(Source data)
^^^^^^^^

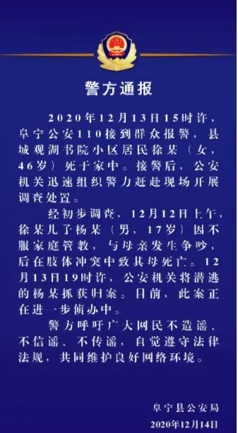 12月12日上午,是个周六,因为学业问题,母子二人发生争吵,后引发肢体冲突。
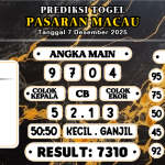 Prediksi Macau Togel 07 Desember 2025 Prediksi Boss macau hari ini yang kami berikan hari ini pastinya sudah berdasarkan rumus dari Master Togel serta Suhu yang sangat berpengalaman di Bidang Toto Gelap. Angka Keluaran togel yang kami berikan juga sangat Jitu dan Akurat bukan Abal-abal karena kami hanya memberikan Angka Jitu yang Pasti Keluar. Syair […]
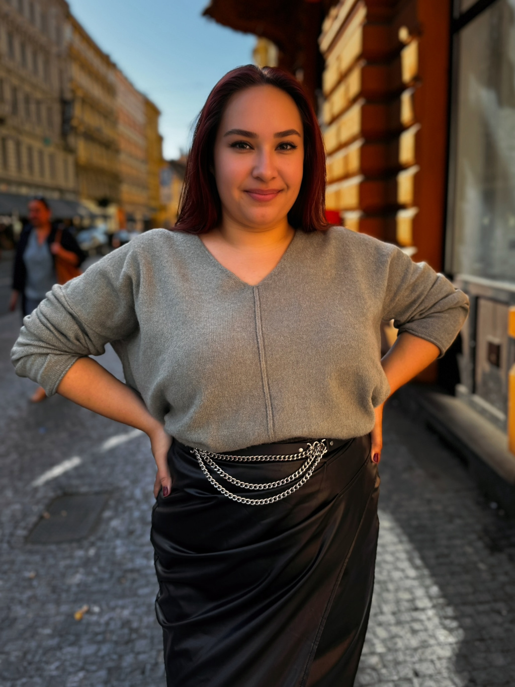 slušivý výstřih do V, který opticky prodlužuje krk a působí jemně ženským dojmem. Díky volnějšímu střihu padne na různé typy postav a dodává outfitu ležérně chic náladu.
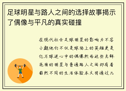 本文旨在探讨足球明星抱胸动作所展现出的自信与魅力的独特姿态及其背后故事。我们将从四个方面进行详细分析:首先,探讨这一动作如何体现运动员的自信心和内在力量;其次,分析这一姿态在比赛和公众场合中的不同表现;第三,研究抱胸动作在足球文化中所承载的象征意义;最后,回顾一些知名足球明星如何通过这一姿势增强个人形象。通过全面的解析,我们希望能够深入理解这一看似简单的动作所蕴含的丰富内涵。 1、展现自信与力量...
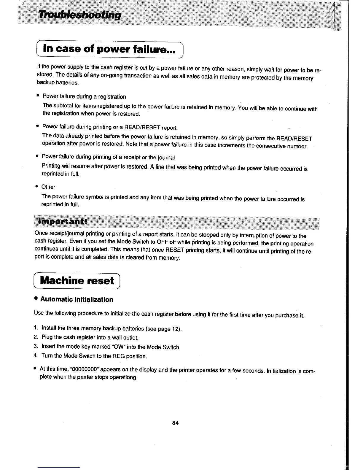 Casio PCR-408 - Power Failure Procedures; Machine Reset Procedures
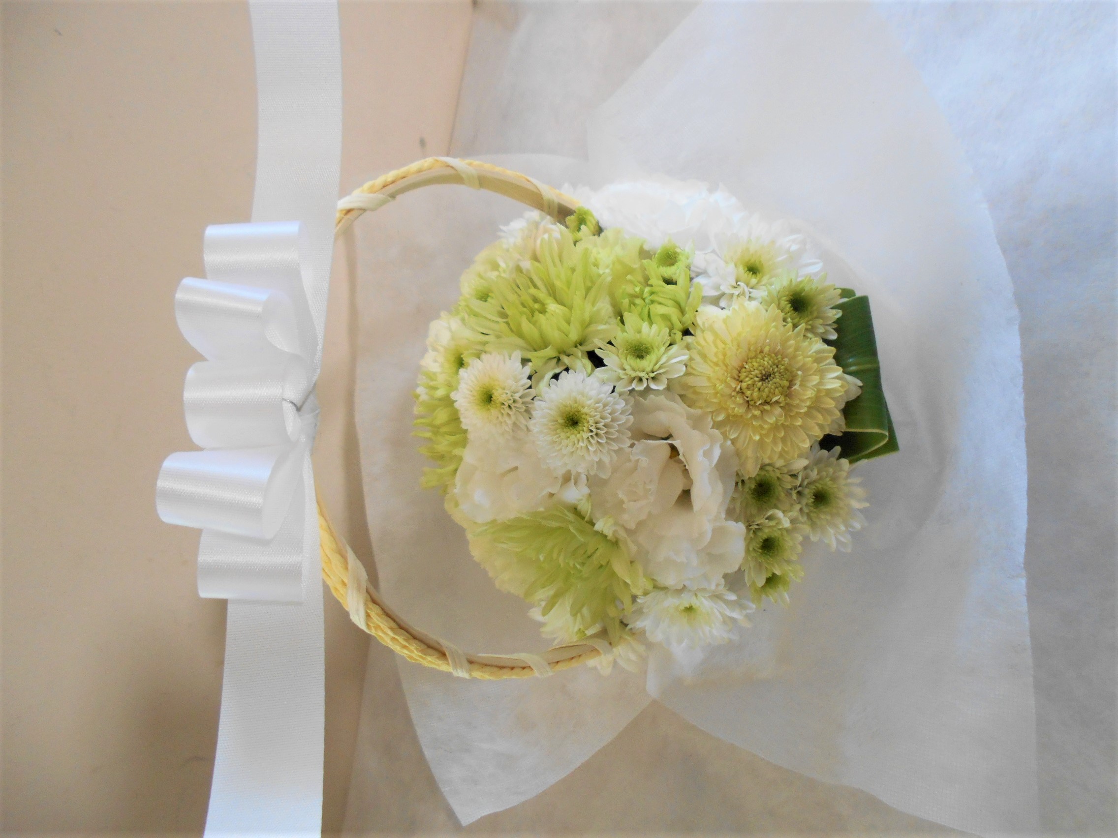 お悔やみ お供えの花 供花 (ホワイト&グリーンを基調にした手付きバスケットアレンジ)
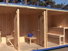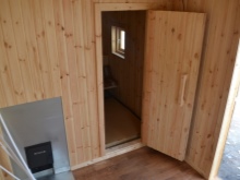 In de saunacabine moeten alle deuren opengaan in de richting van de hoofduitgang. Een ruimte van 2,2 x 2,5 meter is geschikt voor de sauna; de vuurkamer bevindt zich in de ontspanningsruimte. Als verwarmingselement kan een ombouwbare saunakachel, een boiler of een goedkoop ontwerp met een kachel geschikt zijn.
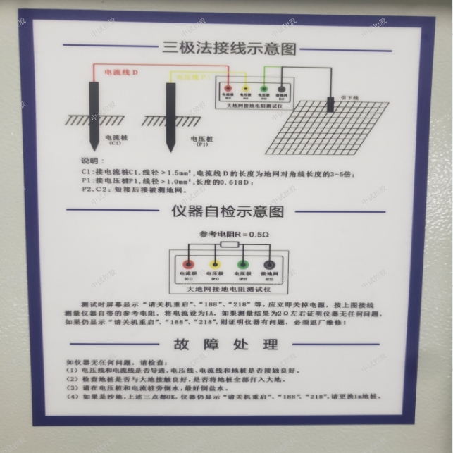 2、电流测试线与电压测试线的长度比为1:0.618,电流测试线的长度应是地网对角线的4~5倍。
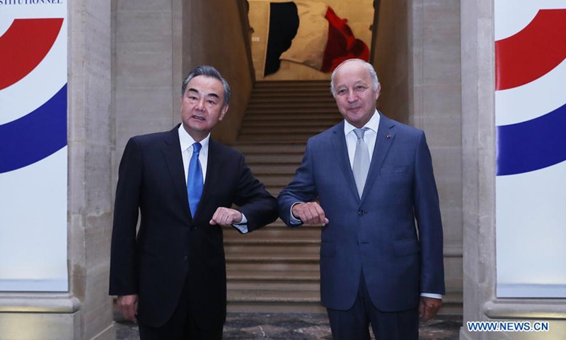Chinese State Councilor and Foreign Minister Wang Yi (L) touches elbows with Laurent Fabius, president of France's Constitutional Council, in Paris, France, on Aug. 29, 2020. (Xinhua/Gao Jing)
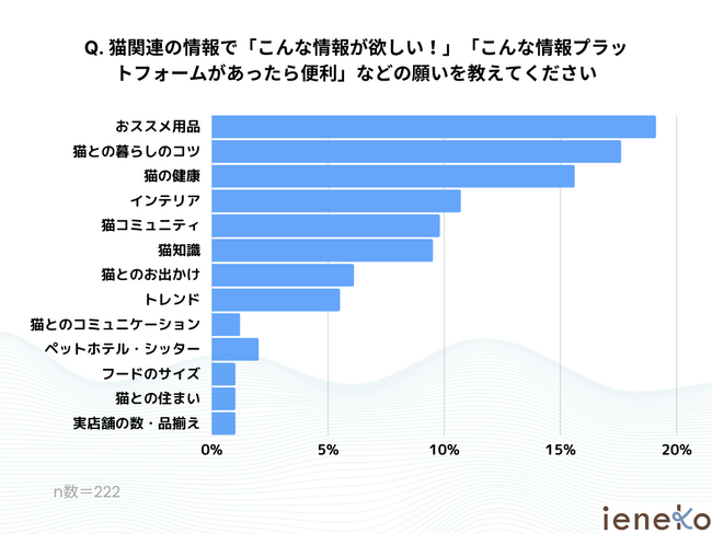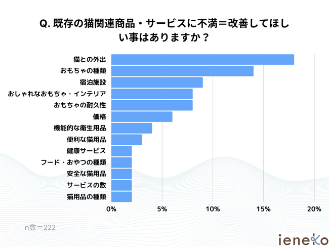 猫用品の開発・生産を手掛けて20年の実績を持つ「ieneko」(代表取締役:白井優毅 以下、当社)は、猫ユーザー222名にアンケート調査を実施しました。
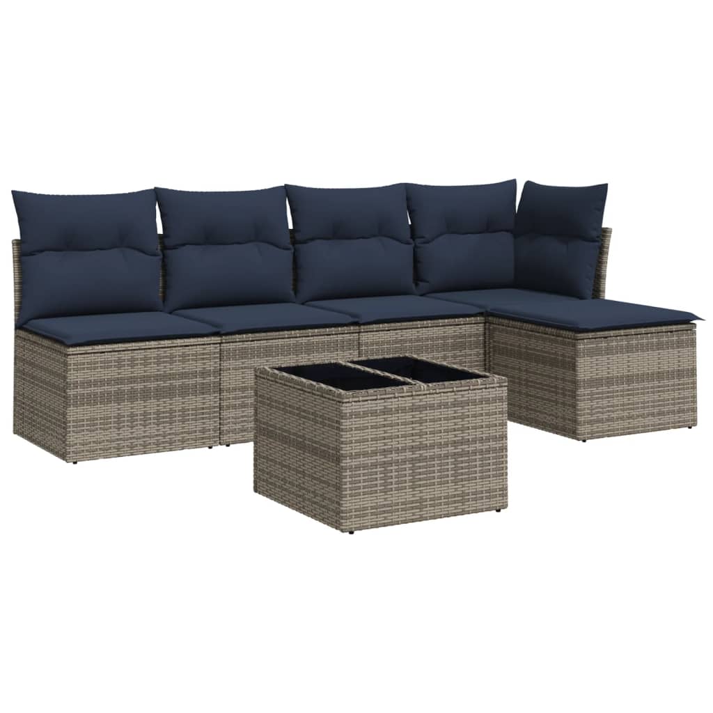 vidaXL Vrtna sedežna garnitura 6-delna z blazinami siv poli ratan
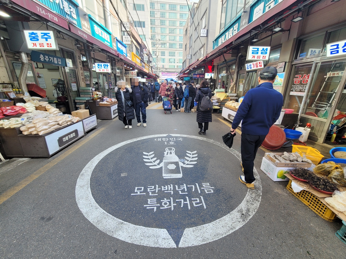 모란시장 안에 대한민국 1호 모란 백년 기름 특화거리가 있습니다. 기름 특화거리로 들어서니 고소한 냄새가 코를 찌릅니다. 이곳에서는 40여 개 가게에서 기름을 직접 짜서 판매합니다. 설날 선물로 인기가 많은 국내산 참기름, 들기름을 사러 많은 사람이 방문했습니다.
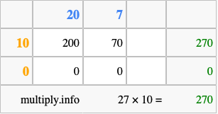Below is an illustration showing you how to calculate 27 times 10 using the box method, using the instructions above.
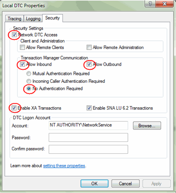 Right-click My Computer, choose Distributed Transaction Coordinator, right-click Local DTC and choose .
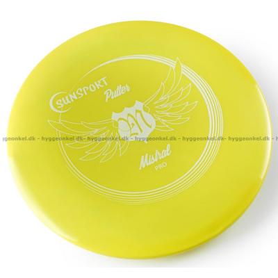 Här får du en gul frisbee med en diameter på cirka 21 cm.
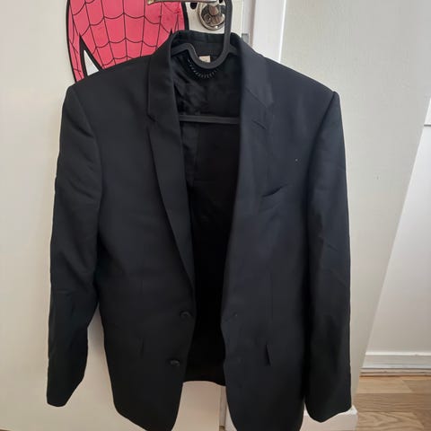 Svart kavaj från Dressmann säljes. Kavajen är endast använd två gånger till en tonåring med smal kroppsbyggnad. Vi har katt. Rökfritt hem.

^^^^^^^^

▸ **ABOUT THIS TASK**
Please transcribe exactly the lines from the start of the records through the line containing "本文旨在探讨足球明星抱胸动作", leaving the pictures out.

▸ **WRITTEN RESPONSE**
 12月12日上午,是个周六,因为学业问题,母子二人发生争吵,后引发肢体冲突。
 Prediksi Macau Togel 07 Desember 2025 Prediksi Boss macau hari ini yang kami berikan hari ini pastinya sudah berdasarkan rumus dari Master Togel serta Suhu yang sangat berpengalaman di Bidang Toto Gelap. Angka Keluaran togel yang kami berikan juga sangat Jitu dan Akurat bukan Abal-abal karena kami hanya memberikan Angka Jitu yang Pasti Keluar. Syair […]
 slušivý výstřih do V, který opticky prodlužuje krk a působí jemně ženským dojmem. Díky volnějšímu střihu padne na různé typy postav a dodává outfitu ležérně chic náladu.
 本文旨在探讨足球明星抱胸动作所展现出的自信与魅力的独特姿态及其背后故事。我们将从四个方面进行详细分析:首先,探讨这一动作如何体现运动员的自信心和内在力量;其次,分析这一姿态在比赛和公众场合中的不同表现;第三,研究抱胸动作在足球文化中所承载的象征意义;最后,回顾一些知名足球明星如何通过这一姿势增强个人形象。通过全面的解析,我们希望能够深入理解这一看似简单的动作所蕴含的丰富内涵。 1、展现自信与力量...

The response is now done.